Hall County Schools Superintendent Will Schofield said March was an especially early date to set the vote, but the system worked with Gainesville City Schools for the early date so Gainesville could secure matching funds for construction in July.

Young said voters typically support education SPLOSTs for several reasons.

"Most people want to help public schools. So there's a general sense that by voting for increased funding for public schools, that's automatically going to help them," he said. "In Gainesville, we're used to paying for SPLOST since 1997, so it's also a continuation of the status quo."
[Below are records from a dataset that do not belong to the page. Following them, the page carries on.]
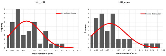 The boxplots show similar characteristics for the two groups, even if the HRI_coex group shows a number of outliers higher than the No_HRI group, which, instead, presents a higher spread of data. A feasible interpretation of this fact may be that the people of the HRI_coex group seem to pay more attention in the tasks’ execution, but the effect of the presence of the robot has some kind of impact, generating more errors (three outliers, represented by circles in Figure 6) in some cases.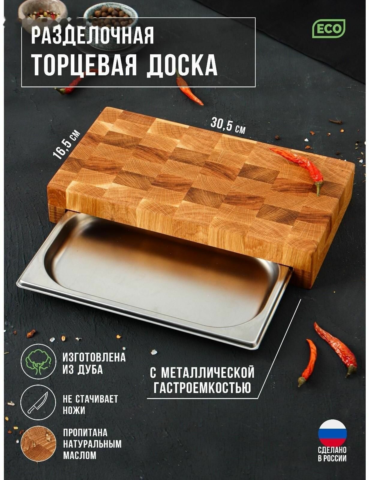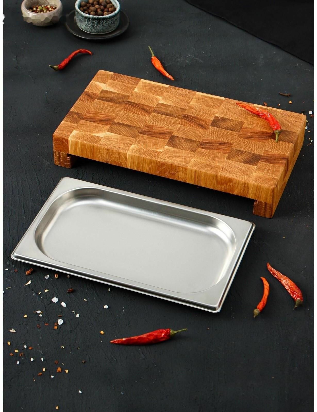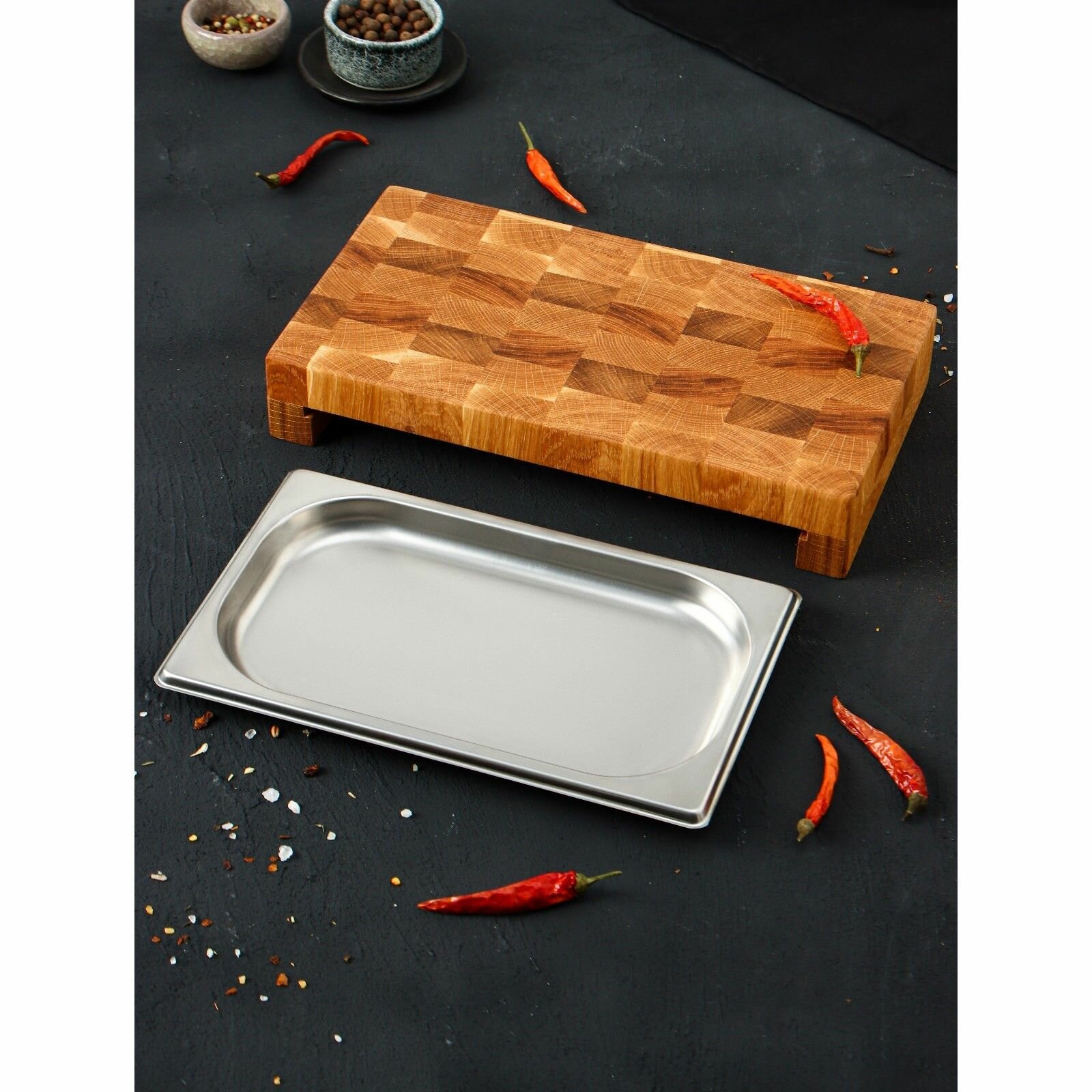 Купить Доска разделочная торцевая с гастроемкостью металлической Mаgistrо, 30,5×16,5×5 см, дуб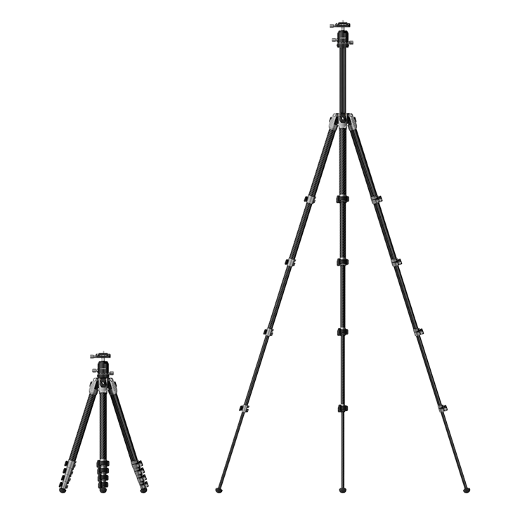 Штатив с ножками из 8-слойного карбона, что обеспечивает оптимальный баланс между прочностью и весом: конструкция весит всего 1,4 кг при максимальной нагрузке до 15 кг. Пятисекционные ноги с фиксаторами, плотно прилегающими к профилю секций, позволяют быстро разворачивать и складывать треногу. В сложенном состоянии длина составляет 47 см, что делает его удобным для транспортировки в сумке и идеальным вараинтом для путешествий

Counties across the region also saw significant support for a sales tax renewal for education Tuesday, including Banks with 75 percent, Forsyth with 80 percent and Jackson with 70 percent.

Of Georgia's 180 school systems, currently 174 have the penny tax for education in place.

SPLOSTs are popular in general but have not always been renewed. For example in Greene County in eastern Georgia, voters passed the tax in 2006, with 1,853 in favor and 886 opposed. But in 2010, it was narrowly defeated.

Gainesville City Schools Superintendent Merrianne Dyer said the campaign did a good job of connecting with civic groups and agencies in Gainesville to spread the message.

The district also communicated the needs of their school facilities, she said.

Officials said several buildings in Gainesville and Hall County are deteriorating as they reach 40 to 65 years of age.

Throughout the campaign, Fair Street International Baccalaureate World School emerged as a major priority for Gainesville.

The school was built in 1937, and safety inspectors advised students only be housed in the building for two more years before the needs are addressed. The problems include a sinking subfloor, outdated heating and air conditioning units, and a leaky roof.

"It appears voters had a common understanding of the needs of the schools," Dyer said.

She added that money from earlier SPLOSTs was directed to the construction of new schools and managing growth.

"We are excited about the possibility that for the first time since growth was overwhelming us in the 1990s, we have a chance to catch up and address issues we know we needed to do but there was no funding to deal with."